- Work order
Would you reproduce the whole listing exactly, dropping any pictures it holds?

- Data segment
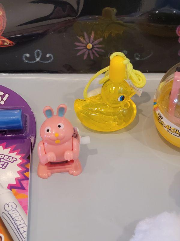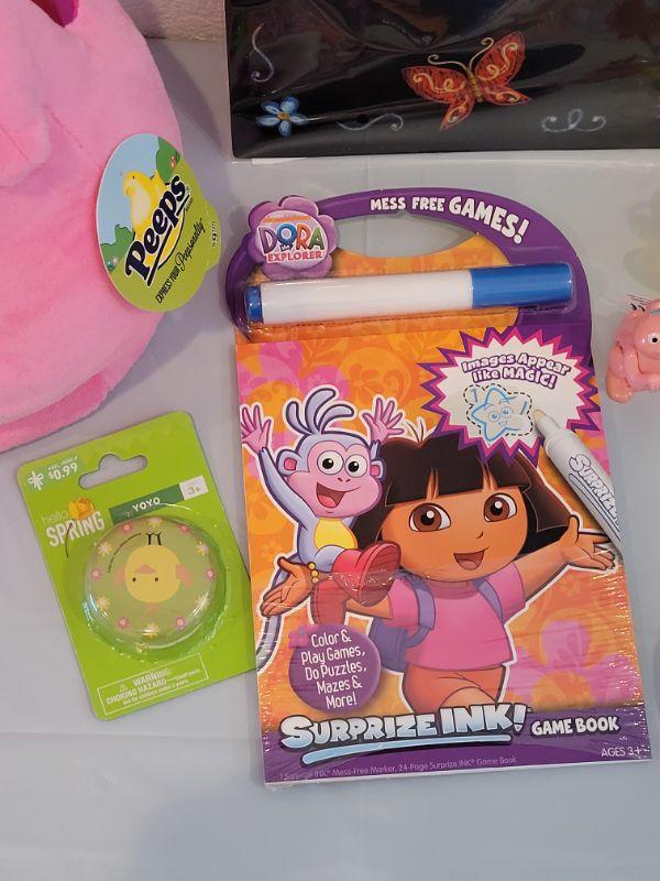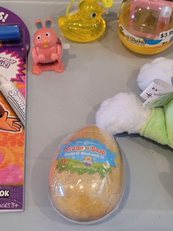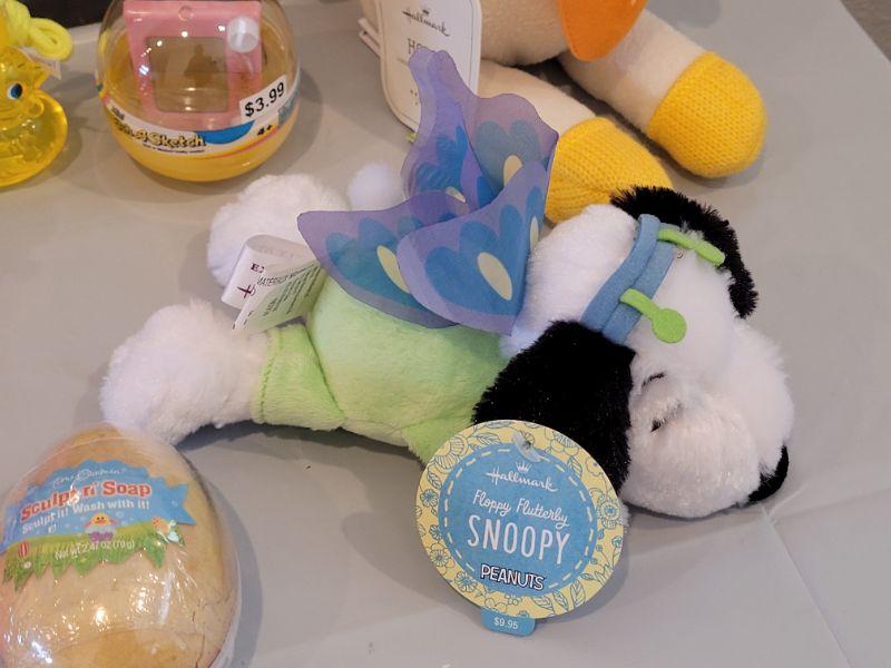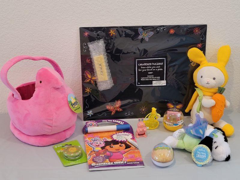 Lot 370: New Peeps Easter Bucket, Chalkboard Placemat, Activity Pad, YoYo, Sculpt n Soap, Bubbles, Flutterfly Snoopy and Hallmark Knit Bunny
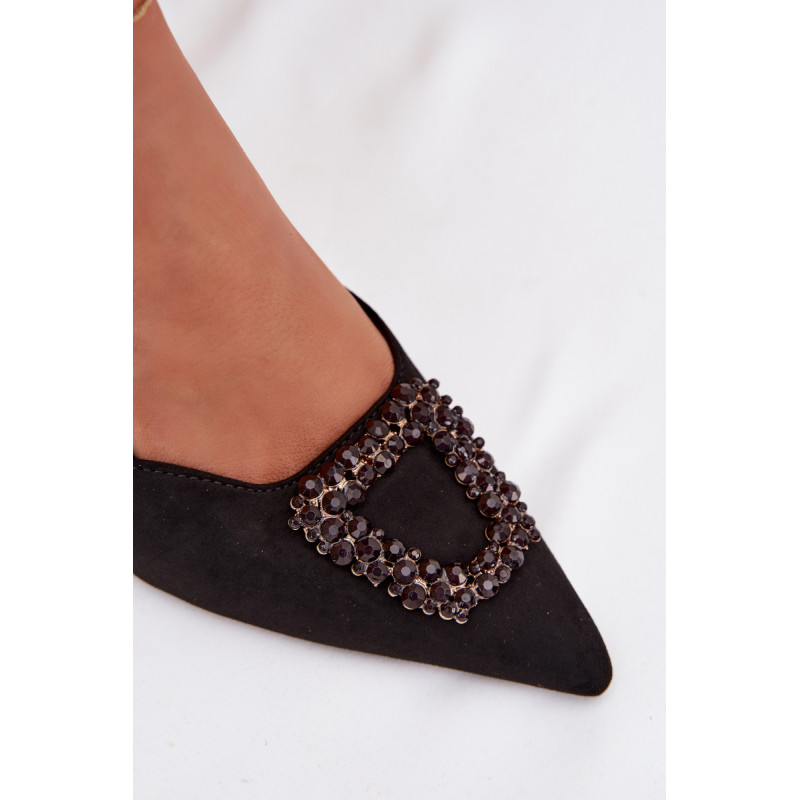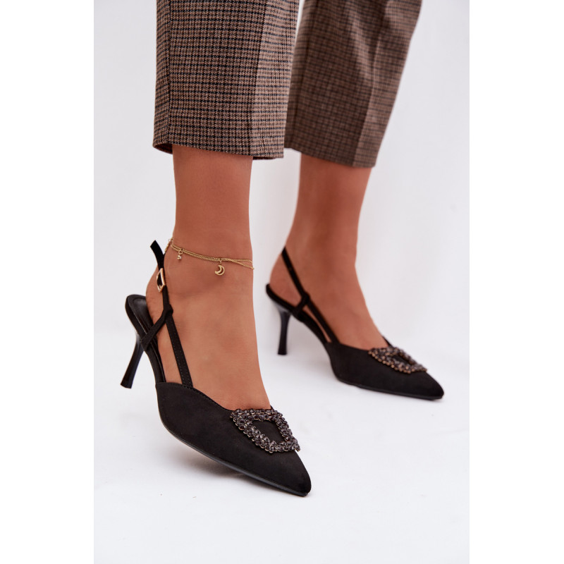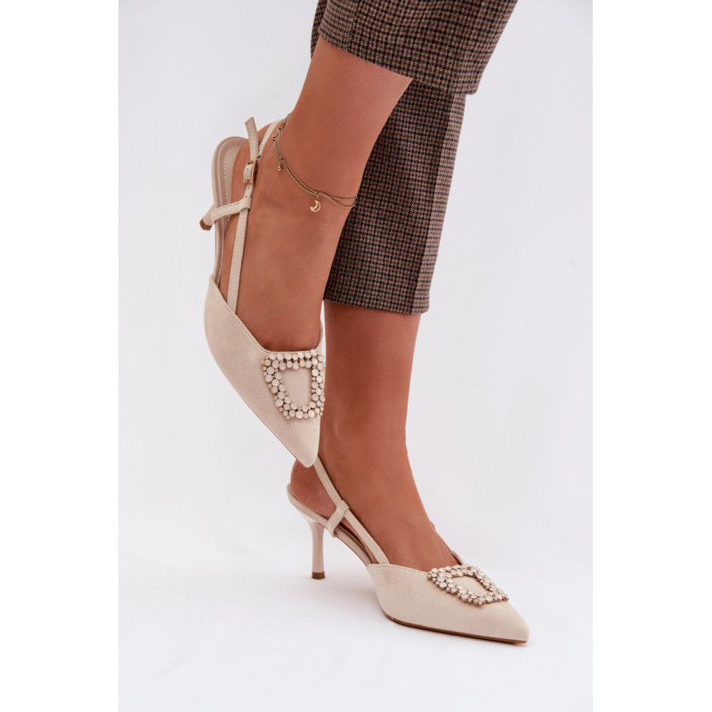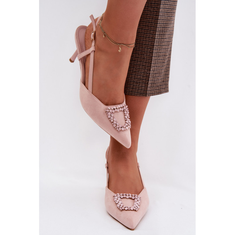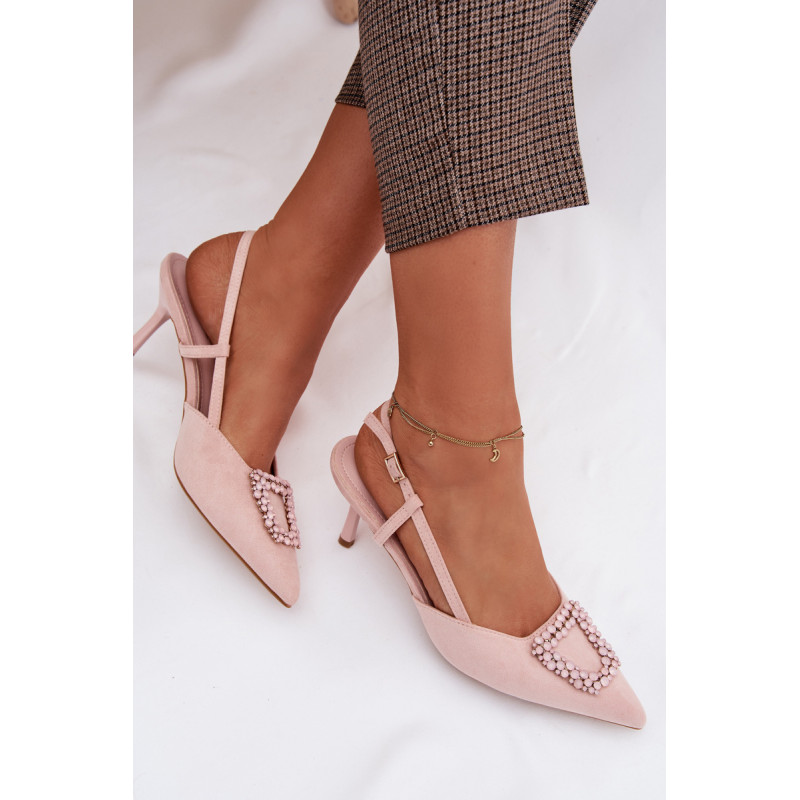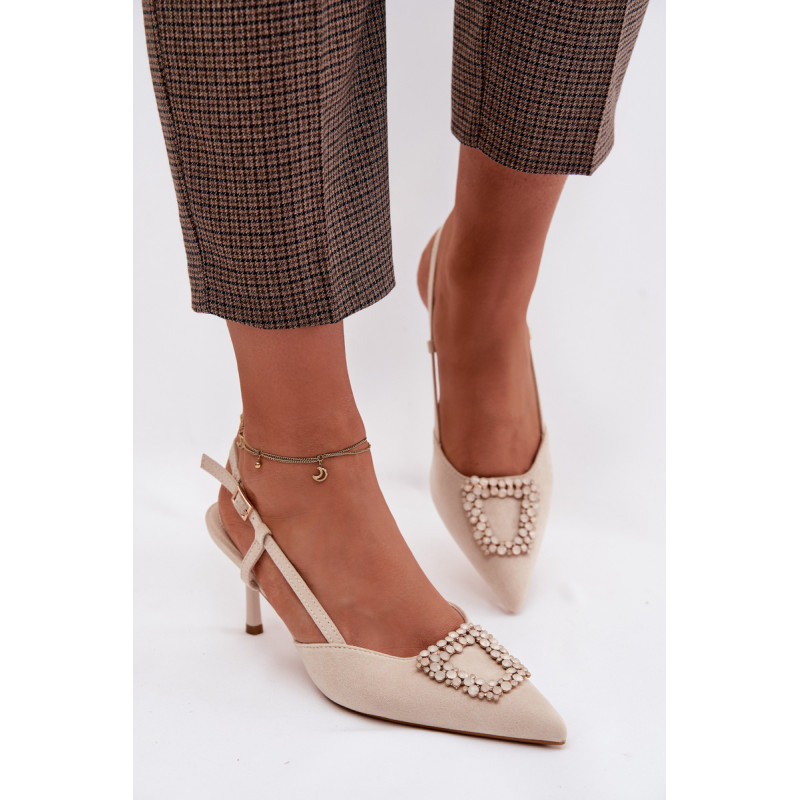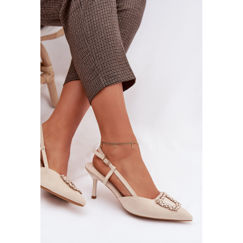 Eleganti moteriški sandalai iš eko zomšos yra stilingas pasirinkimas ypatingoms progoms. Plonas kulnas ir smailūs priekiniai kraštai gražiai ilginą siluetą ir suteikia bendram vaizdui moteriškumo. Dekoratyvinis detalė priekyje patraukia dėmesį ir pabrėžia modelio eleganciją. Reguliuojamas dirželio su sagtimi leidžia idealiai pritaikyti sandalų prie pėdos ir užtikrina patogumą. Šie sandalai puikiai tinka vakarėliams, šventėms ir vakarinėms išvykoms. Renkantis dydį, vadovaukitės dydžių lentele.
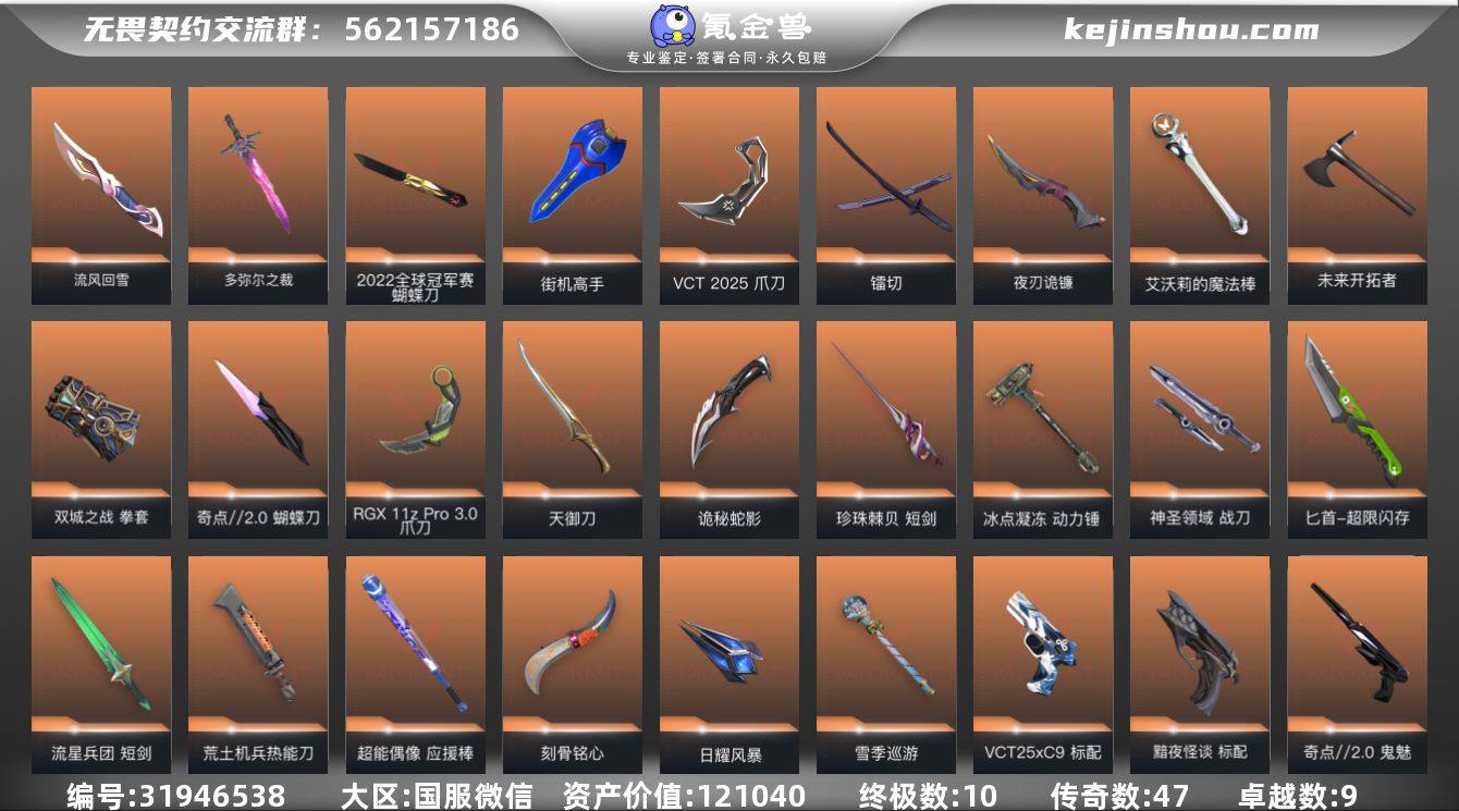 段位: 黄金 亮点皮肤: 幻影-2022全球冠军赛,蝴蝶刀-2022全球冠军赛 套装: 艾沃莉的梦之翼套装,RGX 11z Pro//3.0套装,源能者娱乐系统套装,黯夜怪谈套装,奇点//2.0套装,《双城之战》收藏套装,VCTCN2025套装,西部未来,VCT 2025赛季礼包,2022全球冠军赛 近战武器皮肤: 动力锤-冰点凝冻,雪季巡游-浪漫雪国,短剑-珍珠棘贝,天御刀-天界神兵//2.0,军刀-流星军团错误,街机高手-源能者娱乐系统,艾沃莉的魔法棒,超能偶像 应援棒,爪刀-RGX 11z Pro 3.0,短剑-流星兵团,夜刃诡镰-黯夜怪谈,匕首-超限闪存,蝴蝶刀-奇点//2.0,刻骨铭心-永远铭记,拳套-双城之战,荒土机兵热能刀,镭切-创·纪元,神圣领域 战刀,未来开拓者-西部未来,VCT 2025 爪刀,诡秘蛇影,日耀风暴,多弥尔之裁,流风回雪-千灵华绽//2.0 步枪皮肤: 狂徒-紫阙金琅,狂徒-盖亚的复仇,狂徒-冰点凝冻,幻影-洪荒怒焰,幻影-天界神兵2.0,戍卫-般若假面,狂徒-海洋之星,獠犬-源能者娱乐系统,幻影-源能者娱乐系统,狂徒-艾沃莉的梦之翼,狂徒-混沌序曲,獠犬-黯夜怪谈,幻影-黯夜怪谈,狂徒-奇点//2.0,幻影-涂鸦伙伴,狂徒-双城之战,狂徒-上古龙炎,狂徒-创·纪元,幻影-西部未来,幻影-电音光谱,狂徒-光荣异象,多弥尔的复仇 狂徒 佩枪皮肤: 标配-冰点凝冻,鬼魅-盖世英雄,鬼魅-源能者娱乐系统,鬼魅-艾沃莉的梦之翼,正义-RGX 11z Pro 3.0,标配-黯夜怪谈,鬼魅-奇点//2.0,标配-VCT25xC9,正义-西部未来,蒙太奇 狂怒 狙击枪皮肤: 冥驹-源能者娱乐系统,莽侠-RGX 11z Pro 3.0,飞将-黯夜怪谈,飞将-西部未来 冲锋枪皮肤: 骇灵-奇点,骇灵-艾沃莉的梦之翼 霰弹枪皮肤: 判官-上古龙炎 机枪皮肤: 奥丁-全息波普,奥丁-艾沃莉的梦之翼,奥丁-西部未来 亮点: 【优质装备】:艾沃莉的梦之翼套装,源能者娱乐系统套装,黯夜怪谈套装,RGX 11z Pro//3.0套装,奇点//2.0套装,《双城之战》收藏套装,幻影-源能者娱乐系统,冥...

- Response
 Lot 370: New Peeps Easter Bucket, Chalkboard Placemat, Activity Pad, YoYo, Sculpt n Soap, Bubbles, Flutterfly Snoopy and Hallmark Knit Bunny
 Eleganti moteriški sandalai iš eko zomšos yra stilingas pasirinkimas ypatingoms progoms. Plonas kulnas ir smailūs priekiniai kraštai gražiai ilginą siluetą ir suteikia bendram vaizdui moteriškumo. Dekoratyvinis detalė priekyje patraukia dėmesį ir pabrėžia modelio eleganciją. Reguliuojamas dirželio su sagtimi leidžia idealiai pritaikyti sandalų prie pėdos ir užtikrina patogumą. Šie sandalai puikiai tinka vakarėliams, šventėms ir vakarinėms išvykoms. Renkantis dydį, vadovaukitės dydžių lentele.
 段位: 黄金 亮点皮肤: 幻影-2022全球冠军赛,蝴蝶刀-2022全球冠军赛 套装: 艾沃莉的梦之翼套装,RGX 11z Pro//3.0套装,源能者娱乐系统套装,黯夜怪谈套装,奇点//2.0套装,《双城之战》收藏套装,VCTCN2025套装,西部未来,VCT 2025赛季礼包,2022全球冠军赛 近战武器皮肤: 动力锤-冰点凝冻,雪季巡游-浪漫雪国,短剑-珍珠棘贝,天御刀-天界神兵//2.0,军刀-流星军团错误,街机高手-源能者娱乐系统,艾沃莉的魔法棒,超能偶像 应援棒,爪刀-RGX 11z Pro 3.0,短剑-流星兵团,夜刃诡镰-黯夜怪谈,匕首-超限闪存,蝴蝶刀-奇点//2.0,刻骨铭心-永远铭记,拳套-双城之战,荒土机兵热能刀,镭切-创·纪元,神圣领域 战刀,未来开拓者-西部未来,VCT 2025 爪刀,诡秘蛇影,日耀风暴,多弥尔之裁,流风回雪-千灵华绽//2.0 步枪皮肤: 狂徒-紫阙金琅,狂徒-盖亚的复仇,狂徒-冰点凝冻,幻影-洪荒怒焰,幻影-天界神兵2.0,戍卫-般若假面,狂徒-海洋之星,獠犬-源能者娱乐系统,幻影-源能者娱乐系统,狂徒-艾沃莉的梦之翼,狂徒-混沌序曲,獠犬-黯夜怪谈,幻影-黯夜怪谈,狂徒-奇点//2.0,幻影-涂鸦伙伴,狂徒-双城之战,狂徒-上古龙炎,狂徒-创·纪元,幻影-西部未来,幻影-电音光谱,狂徒-光荣异象,多弥尔的复仇 狂徒 佩枪皮肤: 标配-冰点凝冻,鬼魅-盖世英雄,鬼魅-源能者娱乐系统,鬼魅-艾沃莉的梦之翼,正义-RGX 11z Pro 3.0,标配-黯夜怪谈,鬼魅-奇点//2.0,标配-VCT25xC9,正义-西部未来,蒙太奇 狂怒 狙击枪皮肤: 冥驹-源能者娱乐系统,莽侠-RGX 11z Pro 3.0,飞将-黯夜怪谈,飞将-西部未来 冲锋枪皮肤: 骇灵-奇点,骇灵-艾沃莉的梦之翼 霰弹枪皮肤: 判官-上古龙炎 机枪皮肤: 奥丁-全息波普,奥丁-艾沃莉的梦之翼,奥丁-西部未来 亮点: 【优质装备】:艾沃莉的梦之翼套装,源能者娱乐系统套装,黯夜怪谈套装,RGX 11z Pro//3.0套装,奇点//2.0套装,《双城之战》收藏套装,幻影-源能者娱乐系统,冥...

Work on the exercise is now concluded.